BEGIN RECORDS FOR PROCESSING

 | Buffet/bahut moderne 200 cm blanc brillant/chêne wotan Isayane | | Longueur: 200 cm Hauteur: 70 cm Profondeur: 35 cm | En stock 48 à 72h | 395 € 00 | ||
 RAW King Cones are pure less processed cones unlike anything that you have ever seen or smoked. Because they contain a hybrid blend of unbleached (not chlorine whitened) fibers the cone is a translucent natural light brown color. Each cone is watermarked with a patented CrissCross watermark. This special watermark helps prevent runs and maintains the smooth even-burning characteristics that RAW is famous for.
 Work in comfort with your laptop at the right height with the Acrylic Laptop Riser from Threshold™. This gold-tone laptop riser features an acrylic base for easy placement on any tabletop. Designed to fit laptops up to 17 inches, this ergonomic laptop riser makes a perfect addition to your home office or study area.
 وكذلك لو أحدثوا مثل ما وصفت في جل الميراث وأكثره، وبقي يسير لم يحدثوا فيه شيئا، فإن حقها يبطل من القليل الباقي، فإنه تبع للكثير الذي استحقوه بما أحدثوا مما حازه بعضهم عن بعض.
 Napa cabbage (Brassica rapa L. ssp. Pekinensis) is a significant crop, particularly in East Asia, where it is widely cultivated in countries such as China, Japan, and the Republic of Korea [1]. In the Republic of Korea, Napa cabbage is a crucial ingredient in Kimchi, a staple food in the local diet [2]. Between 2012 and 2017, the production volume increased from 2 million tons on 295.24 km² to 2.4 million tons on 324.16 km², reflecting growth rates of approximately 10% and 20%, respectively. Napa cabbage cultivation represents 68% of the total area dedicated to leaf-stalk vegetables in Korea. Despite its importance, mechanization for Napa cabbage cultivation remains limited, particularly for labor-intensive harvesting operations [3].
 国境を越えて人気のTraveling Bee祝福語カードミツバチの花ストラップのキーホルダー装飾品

END RECORDS FOR PROCESSING
BEGIN RECORDS FOR PROCESSING

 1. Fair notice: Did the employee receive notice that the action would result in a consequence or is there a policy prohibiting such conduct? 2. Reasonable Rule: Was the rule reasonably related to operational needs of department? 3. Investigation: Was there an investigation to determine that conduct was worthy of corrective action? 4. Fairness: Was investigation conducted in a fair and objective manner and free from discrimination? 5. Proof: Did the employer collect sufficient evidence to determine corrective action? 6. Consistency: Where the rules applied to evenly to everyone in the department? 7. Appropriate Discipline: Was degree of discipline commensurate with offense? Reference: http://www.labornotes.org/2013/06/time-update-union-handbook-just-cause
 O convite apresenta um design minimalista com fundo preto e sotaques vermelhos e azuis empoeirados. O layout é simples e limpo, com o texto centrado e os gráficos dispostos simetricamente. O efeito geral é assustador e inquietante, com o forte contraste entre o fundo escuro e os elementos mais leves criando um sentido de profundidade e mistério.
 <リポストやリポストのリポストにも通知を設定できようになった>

END RECORDS FOR PROCESSING

**AIM OF THE EXERCISE:**
What is the number of lines in the data that include the word "with"? State only that number.

**RESULT OF THIS TASK:**
3